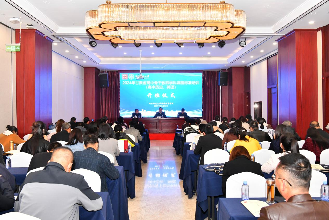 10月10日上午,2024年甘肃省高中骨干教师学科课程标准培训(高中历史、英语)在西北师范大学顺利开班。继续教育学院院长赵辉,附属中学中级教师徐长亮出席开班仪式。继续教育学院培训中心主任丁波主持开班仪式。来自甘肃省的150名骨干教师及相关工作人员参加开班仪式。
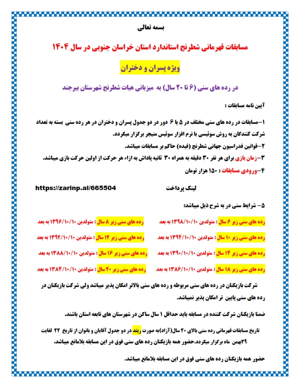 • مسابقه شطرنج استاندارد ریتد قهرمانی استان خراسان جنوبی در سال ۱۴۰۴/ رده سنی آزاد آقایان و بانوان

***

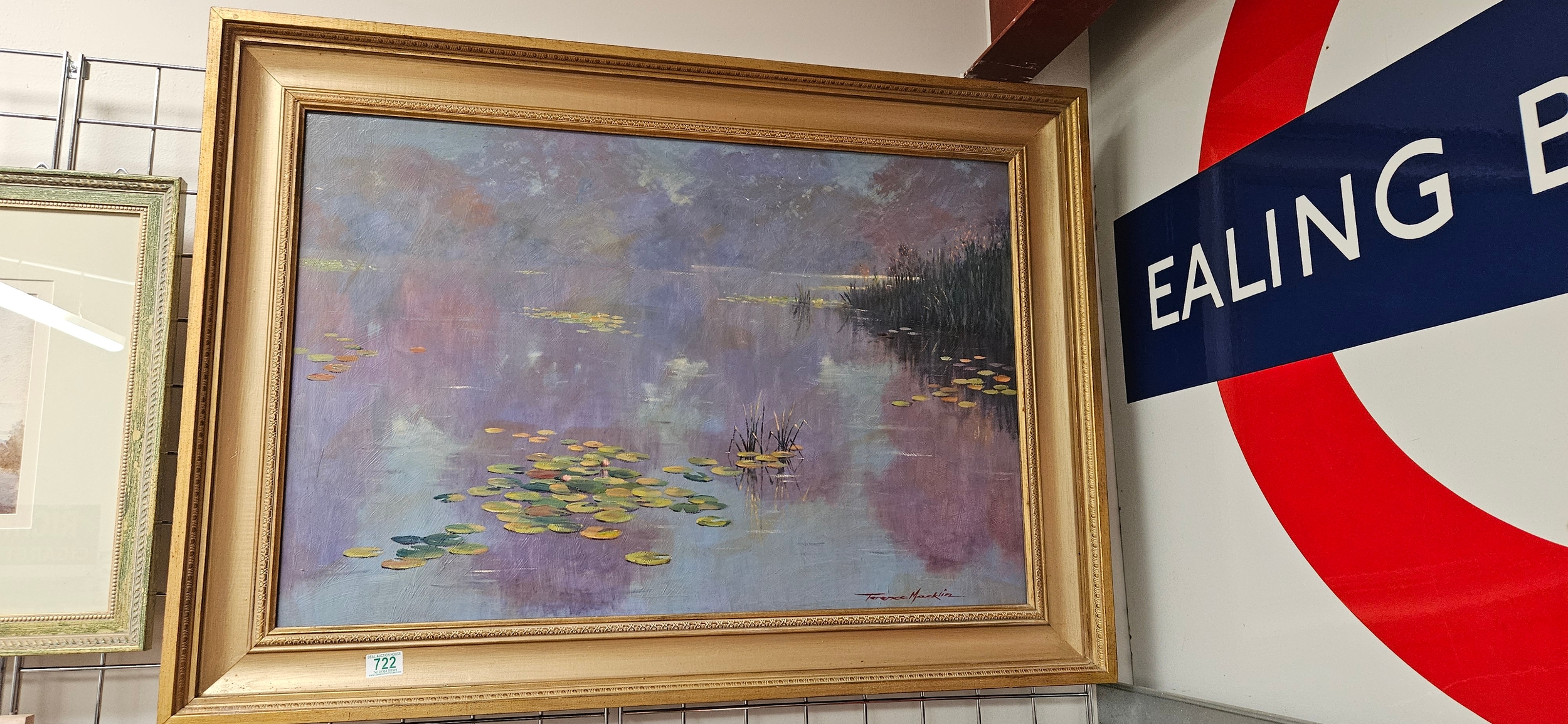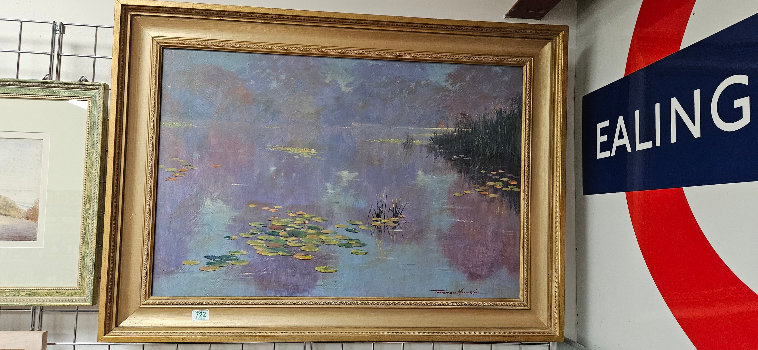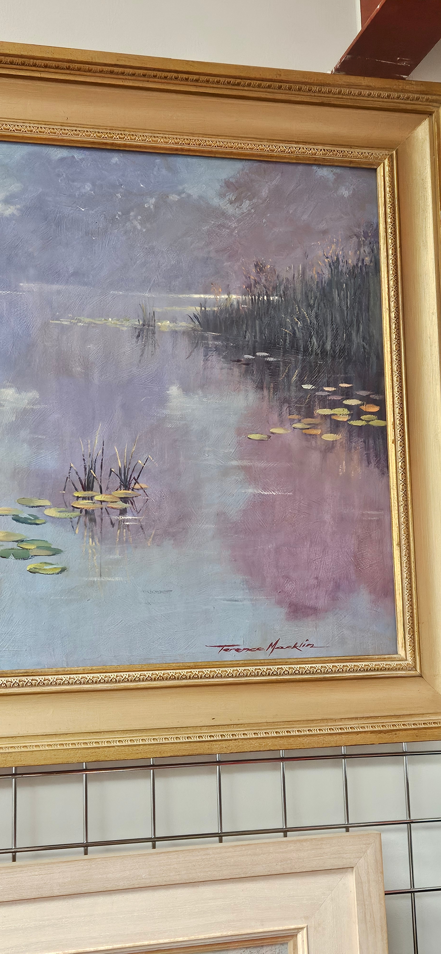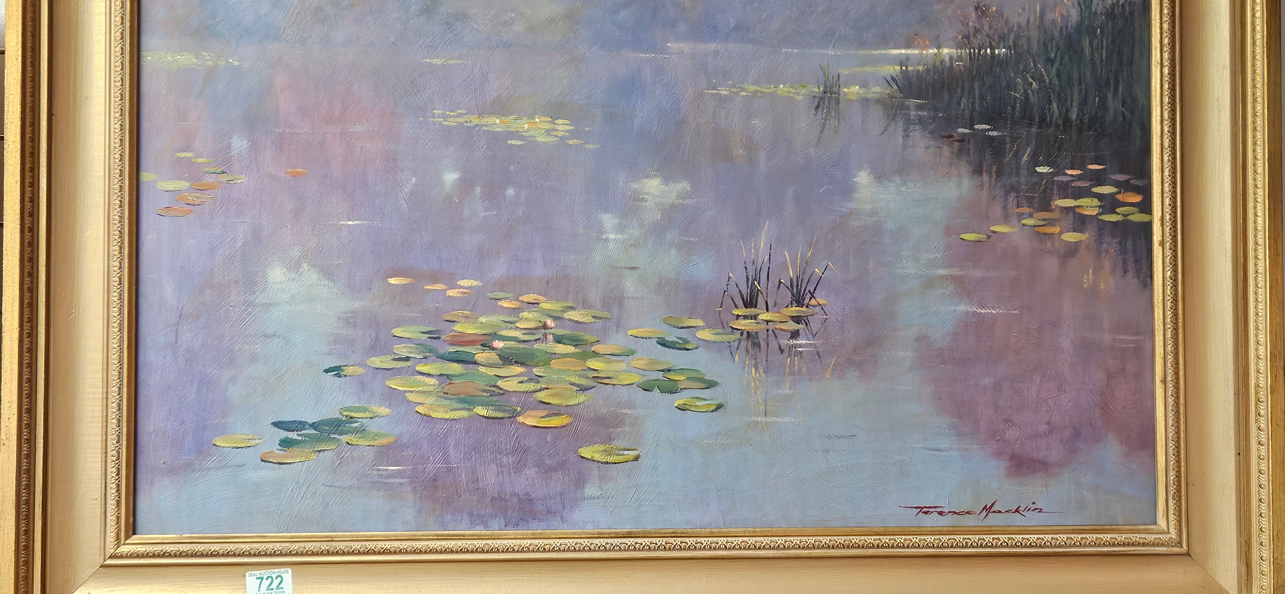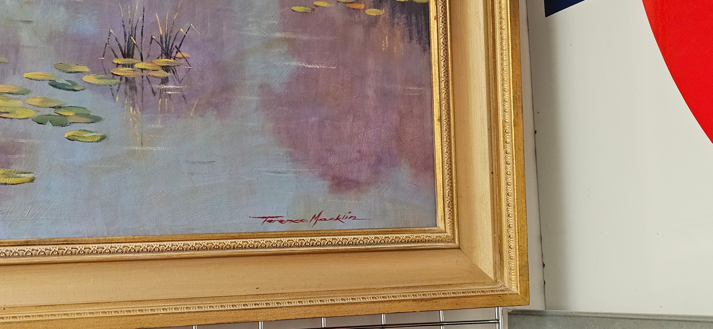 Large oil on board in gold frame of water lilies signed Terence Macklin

***

Task details >>
In the listing above, find the line with "10月10日上午,2024年" and the line with "آقایان و بانوان". Transcribe those two and everything between, exactly, leaving out pictures.

Solution to this task >>
 10月10日上午,2024年甘肃省高中骨干教师学科课程标准培训(高中历史、英语)在西北师范大学顺利开班。继续教育学院院长赵辉,附属中学中级教师徐长亮出席开班仪式。继续教育学院培训中心主任丁波主持开班仪式。来自甘肃省的150名骨干教师及相关工作人员参加开班仪式。
 • مسابقه شطرنج استاندارد ریتد قهرمانی استان خراسان جنوبی در سال ۱۴۰۴/ رده سنی آزاد آقایان و بانوان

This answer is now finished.